This post presents an approach to implement your first recommendation engine and quickly check its performance. It focuses on a use case designed to check visually what the model has learned during training and how it performed during testing. The use case was implemented in Python with pandas and scikit-surprise. I hope you will find this article helpful if you are getting started on recommendation engines yourself!

Preamble

Goal and approach

As I was getting started on recommendation engines, my primary goal was to confirm I understood how they work. The best way to do this was to implement one, test it and verify it behaved as I expected. So — after my initial research which led me into an extravaganza of collaborative filtering algorithms and Python libraries — I decided to adopt this straightforward approach to achieve my foundational goal:

  1. Create a predictable recommendation use case: design the training/testing datasets to ensure they contain groups of users with similar taste.
  2. Train the recommendation engine.
  3. Test and verify visually that the engine responds according to the expectations set during step #1.

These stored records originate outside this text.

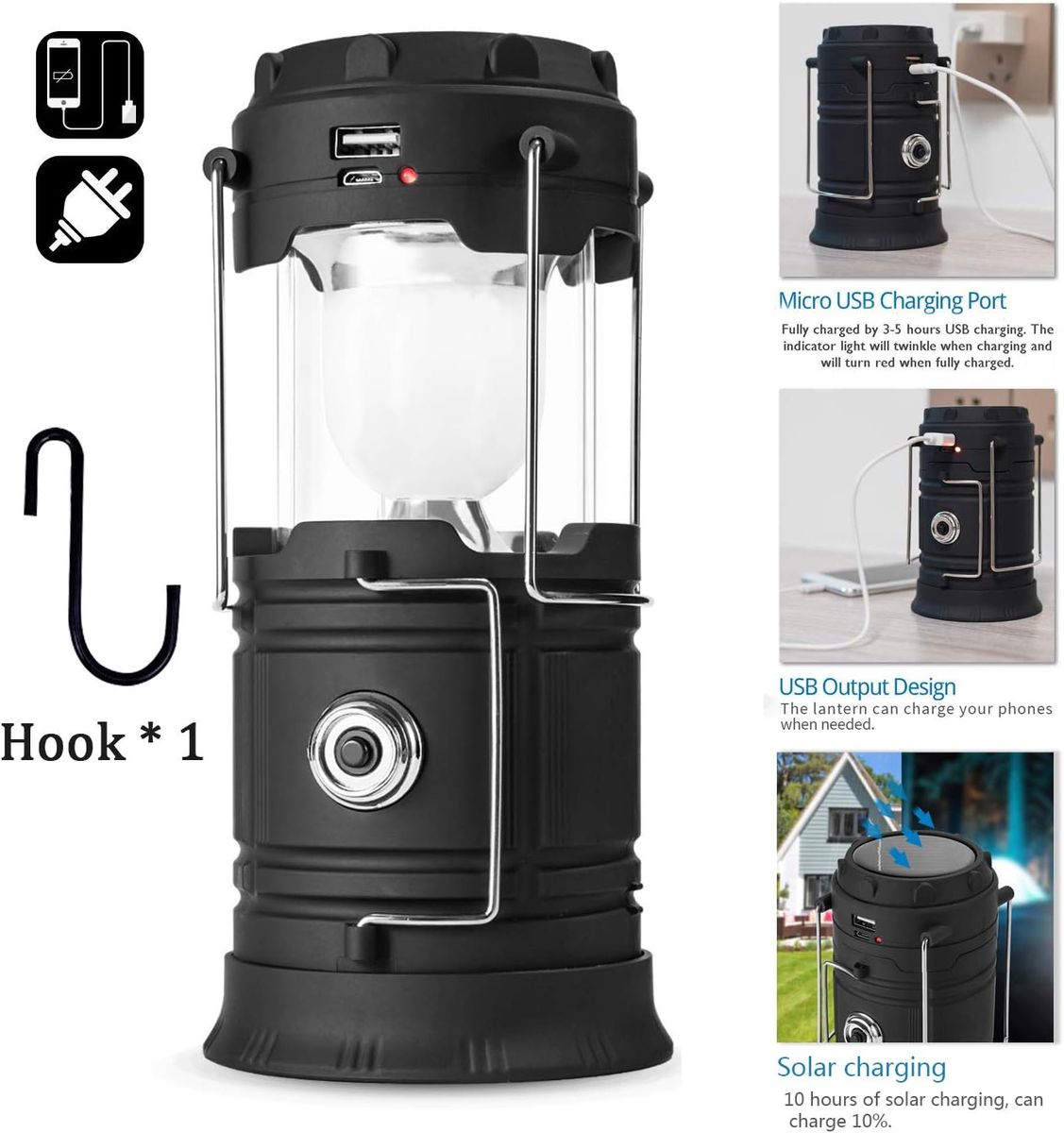 - [Solar/ USB charging lamp]: Two charging modes: charging solar energy and USB, charging when mobile phone and other USB power supply equipment, or charging through the solar panel of the top of the lamp, the charging time is 6 hours. Do not over -charging. It can last 6-18 hours.
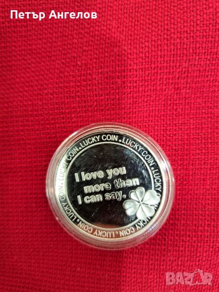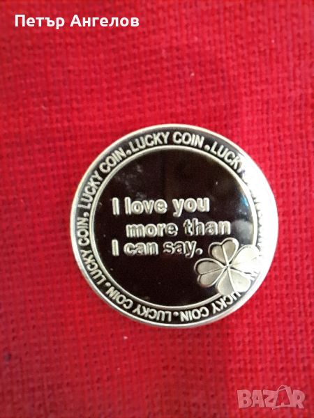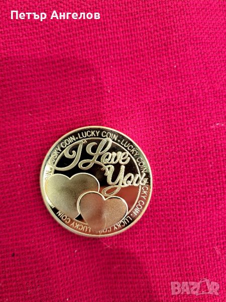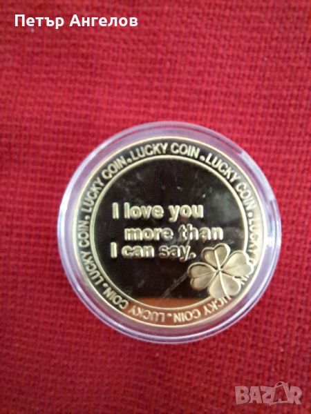 Позлатена късметлийска монета "Обичам те повече, отколкото мога да кажа" → Обява 45724917
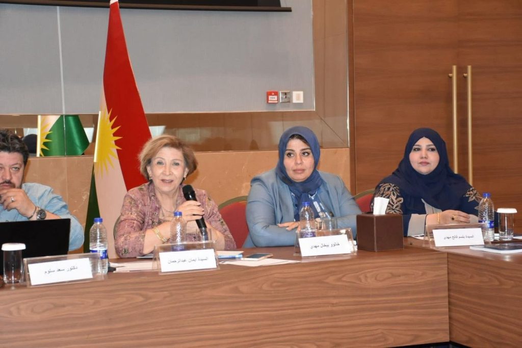 • الكلمة الافتتاحية والتعريف بمبادرة حان الوقت لنساء العراق قدمتها السيدة خانم لطيف رئيسة منظمة أسودا ورئيسة المبادرة.
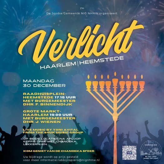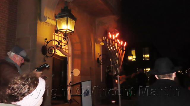Chanoeka viering voor het Raadhuis. Chanoeka betekent "inwijding", het staat ook bekend als "het feest van de lichtjes", "het inwijdingsfeest"of "het toewijdingsfeest"en duurt 8 dagen, de eerste dag van het feest begint na zonsondergang op de 25e dag van de Joodse maand Kislev, |
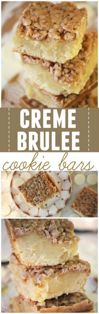 Creme Brulee is one of my all-time favourite desserts, so I was very intrigued by these creme brulee cookie bars. They do have a lot in common with the classic dessert, and are surprisingly easy to make – only 8 ingredients. As a reference, I discarded another cookie recipe I was considering because the cookies had 10 ingredients and then the icing had 6 ingredients. I might have time for that when my kids are older. But I’m not going to worry about it, not when tasty desserts like these creme brulee bars are in existence. Pinterest link is here, and the original recipe post is here.
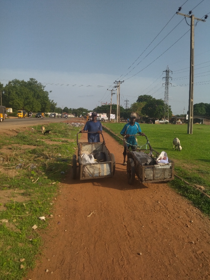 two men pushing handcarts filled with refuse along a dirt road in a rural area near the city of Kanshio, Nigeria
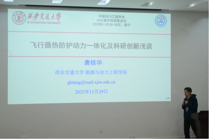 在上午的大会报告中,西安交通大学唐桂华教授作题为“飞行器热防护动力一体化及科研创新浅谈”的报告,介绍了复合气凝胶与热电一体化系统创新成果,为高超声速飞行器热防护与能量综合利用提供新方案。
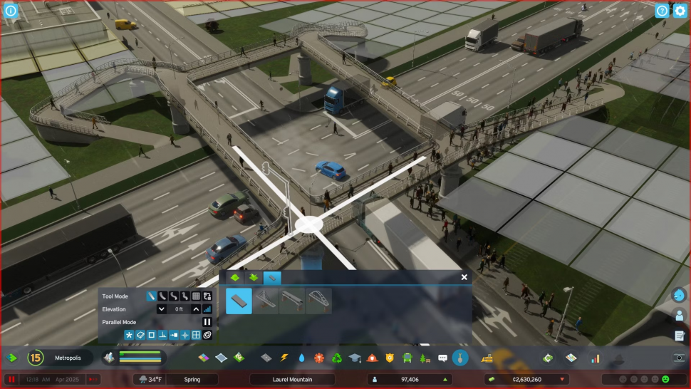 Если на перекрестке наблюдается большой поток пешеходов благодаря расположенной рядом станции метро или автостоянке, игроки могут захотеть полностью убрать их с дорог. Для этого можно сделать надземную пешеходную дорожку.
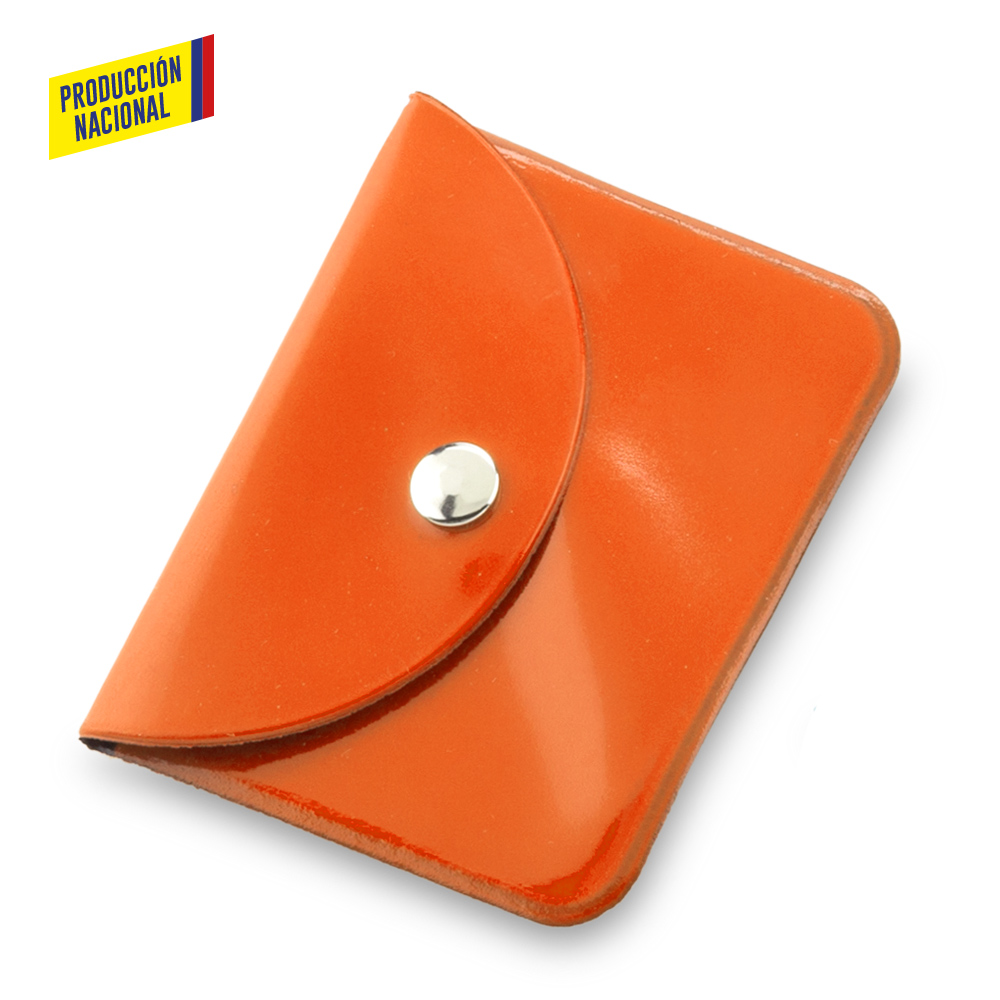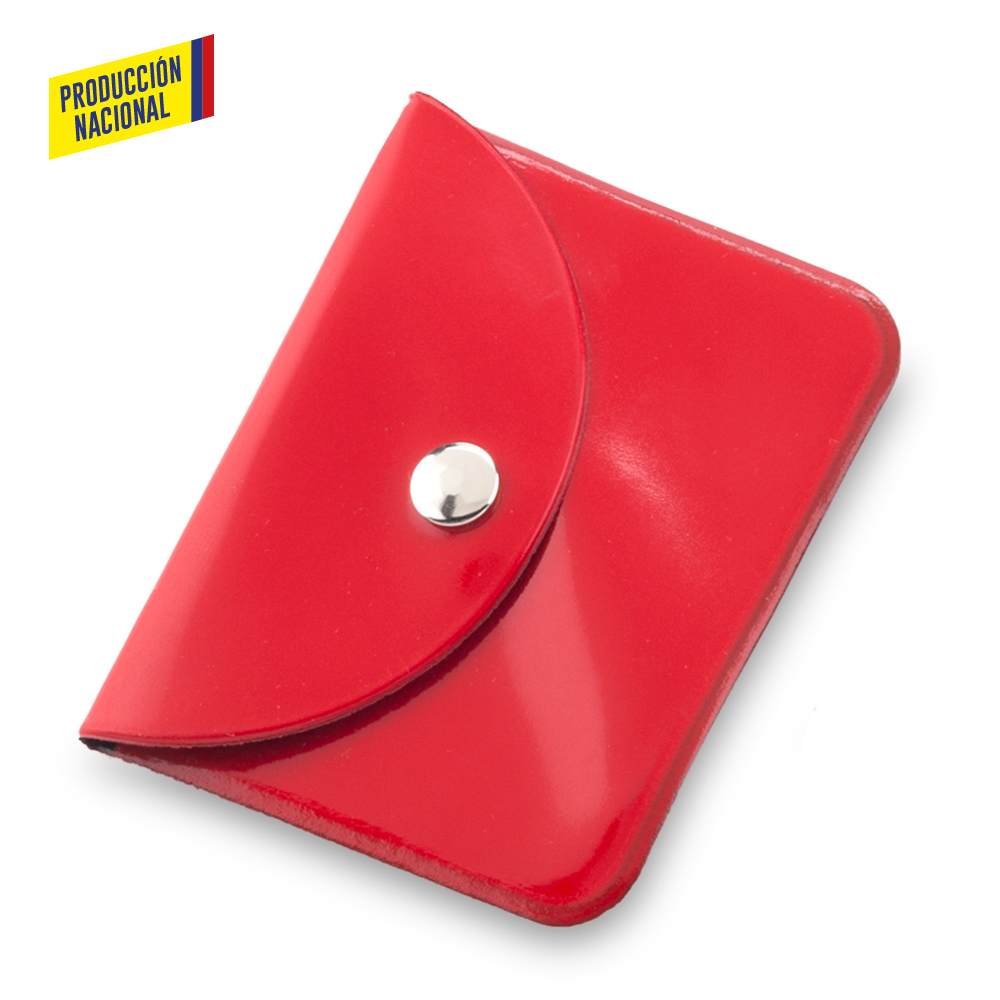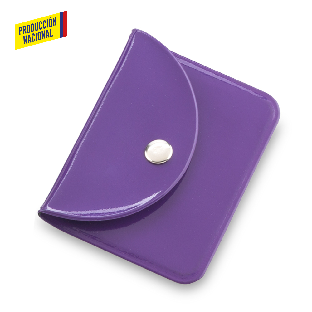 En P.V.C. con acabado brillante, cierre de broche metálico. Medidas: 8.2 cm x 6.8 cm Marca: 2.5 cm x 1.5 cm / Tampografía / Screen
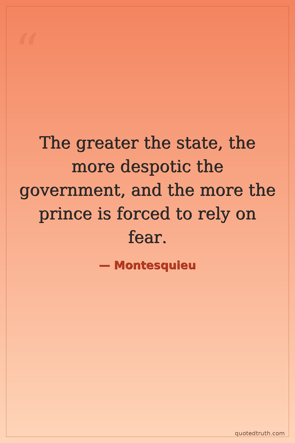 The greater the state, the more despotic the government, and the more the prince is forced to rely on fear.
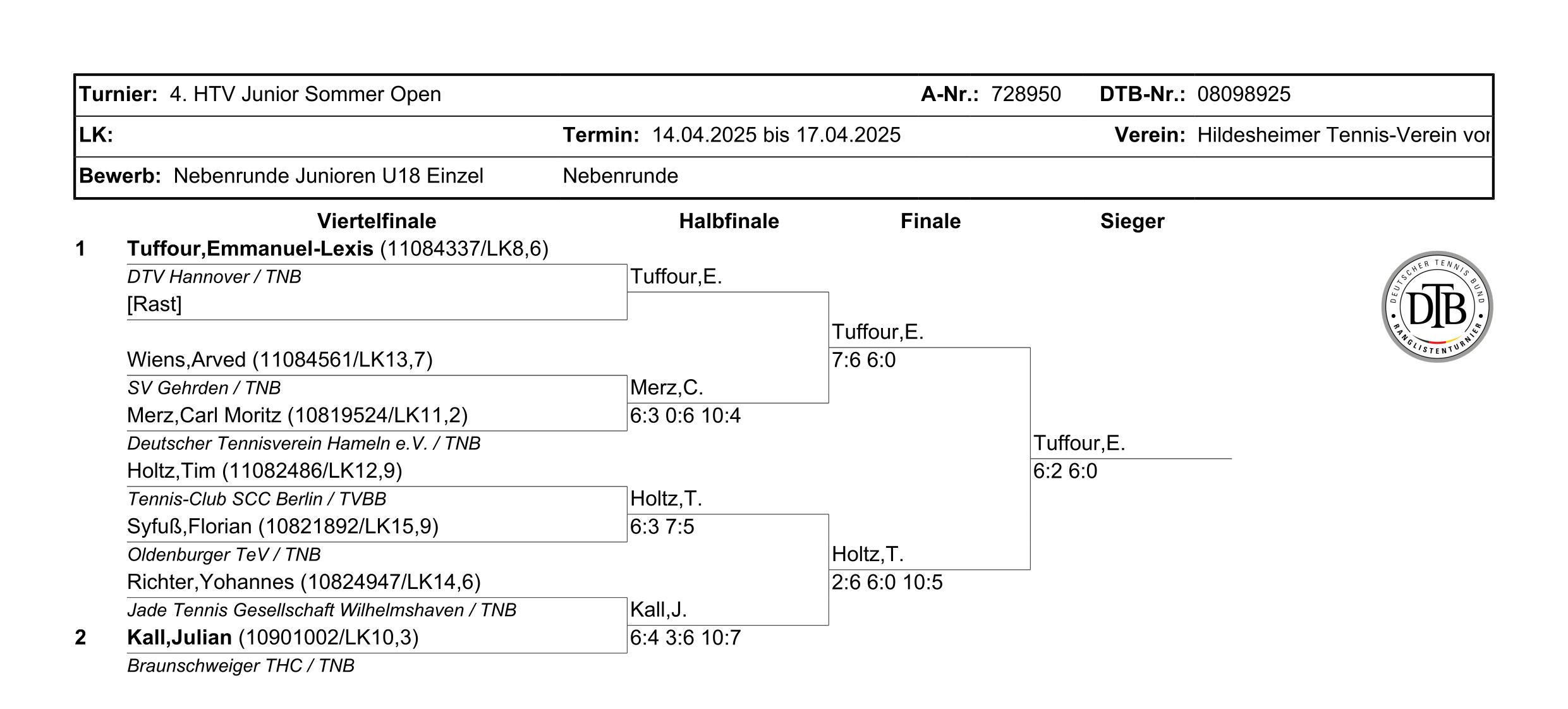 D. Tuffour (DTV Hannover) - Z. Grimmig (MTV Wolfenbüttel) 6:3 6:3
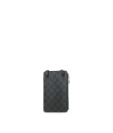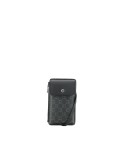 Pochette pour téléphone marron en toile enduite siglée garnie cuir
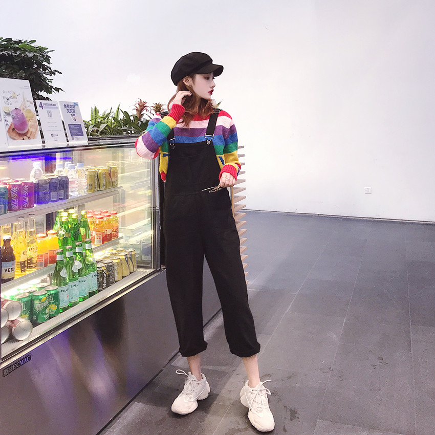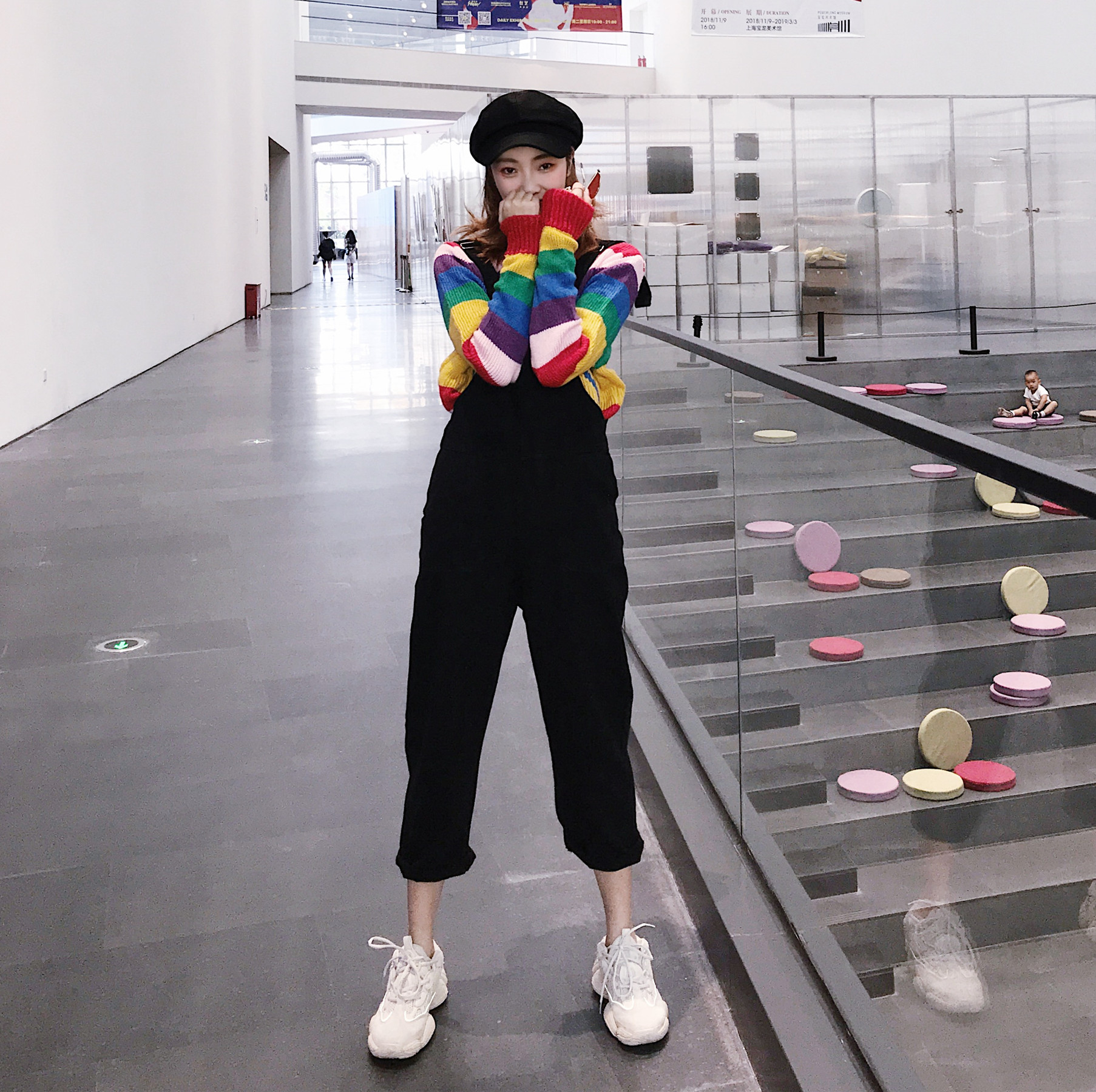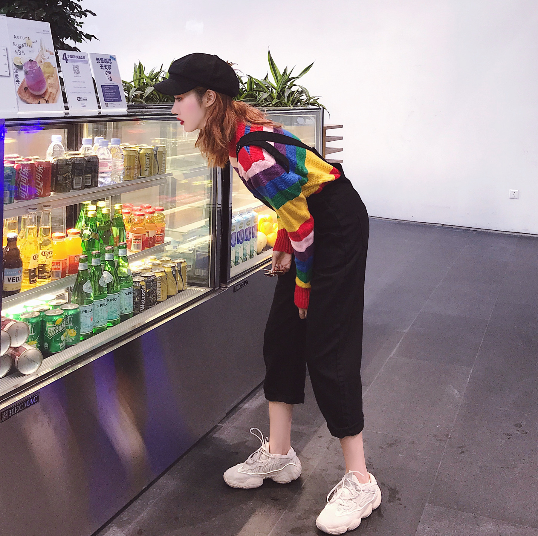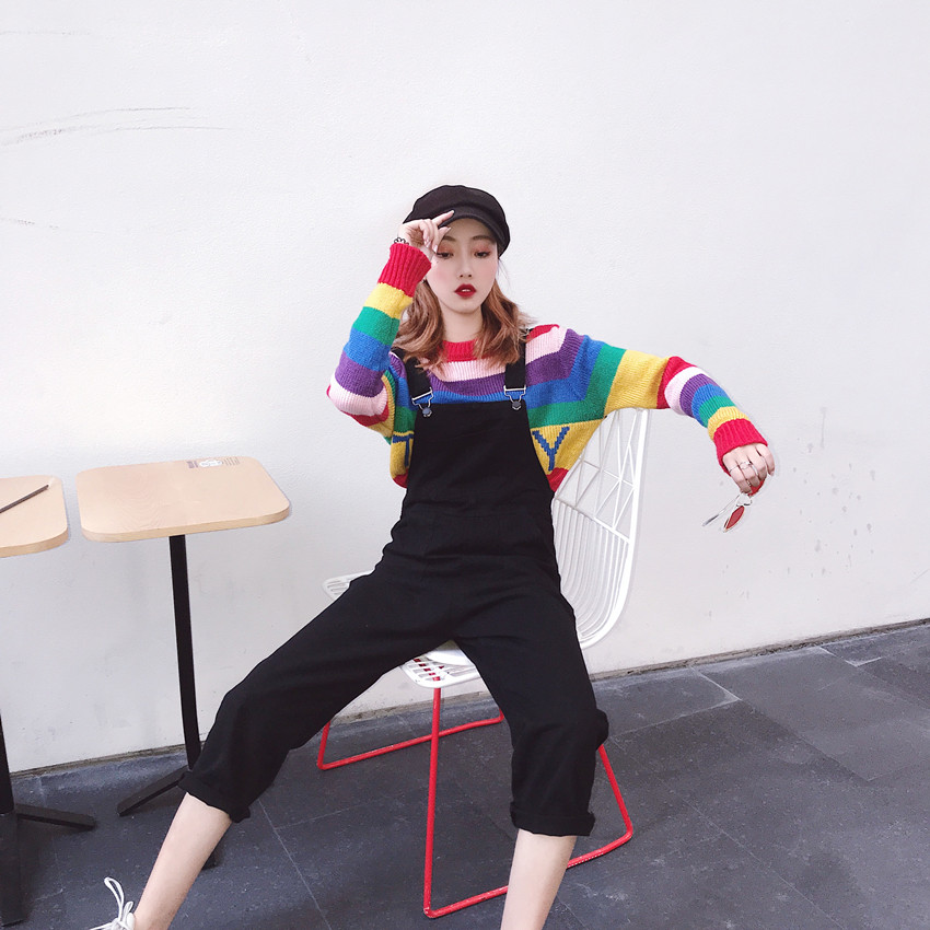 / 秋冬新款復古氣質百搭彩虹條紋毛衣牛仔背帶褲兩件套港風時尚套裝
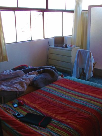 Es ist mehr ein Apartment als ein Zimmer, groß, hell und geräumig, mit Garage und Frühstück für 70 Bol. Na gut, man gönnt sich ja sonst nichts. Bei den anderen Hostels war es wieder schwierig, das Motorrad unter zu bringen.
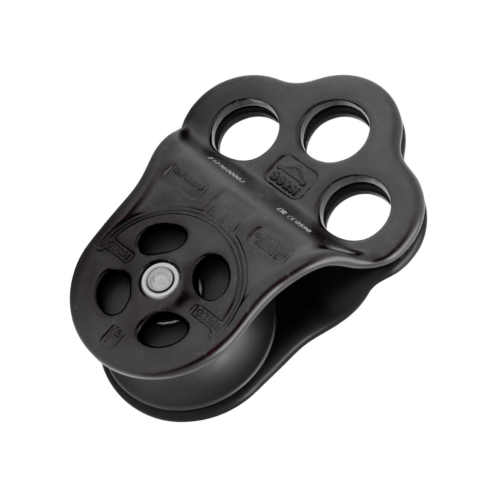 - Side plate shape allows an autoblock knot to function when the rope approaches the sides as well as at the bottom of the pulley

If I could do that, then I would understand how recommendation engines work (at a high level) and it was ok for me to study more advanced recommendation techniques.

Hypothesis tested

A recommendation engine is a piece of A.I. which takes a [user_id, product_id] combination as an input and outputs a rating(a number). In other words: it predicts how a specific user will like a specific product. Given this basic ground truth, I wanted to test my understanding (my “hypothesis”) that recommendation engines work like this:

  1. Identify groups of users with the same taste (ie: which rated the same products similarly) during training.
  2. Estimate how a user from a “same-taste-group” would rate a product already rated by other users of the “same-taste-group” during prediction.

Here is an example: say we have 10 users and 2 products (P1 and P2). Users 1 through 5 have rated P1 similarly, they have the same taste so they belong to the one “same-taste-group”. Users 1 through 4 have also rated P2, then it is reasonable to use these ratings to predict how user 5 will rate P2. Using this logic, we can imagine that users 6 through 10 could form a different “same-taste-group” based on their ratings of P1 and P2 or another set of products.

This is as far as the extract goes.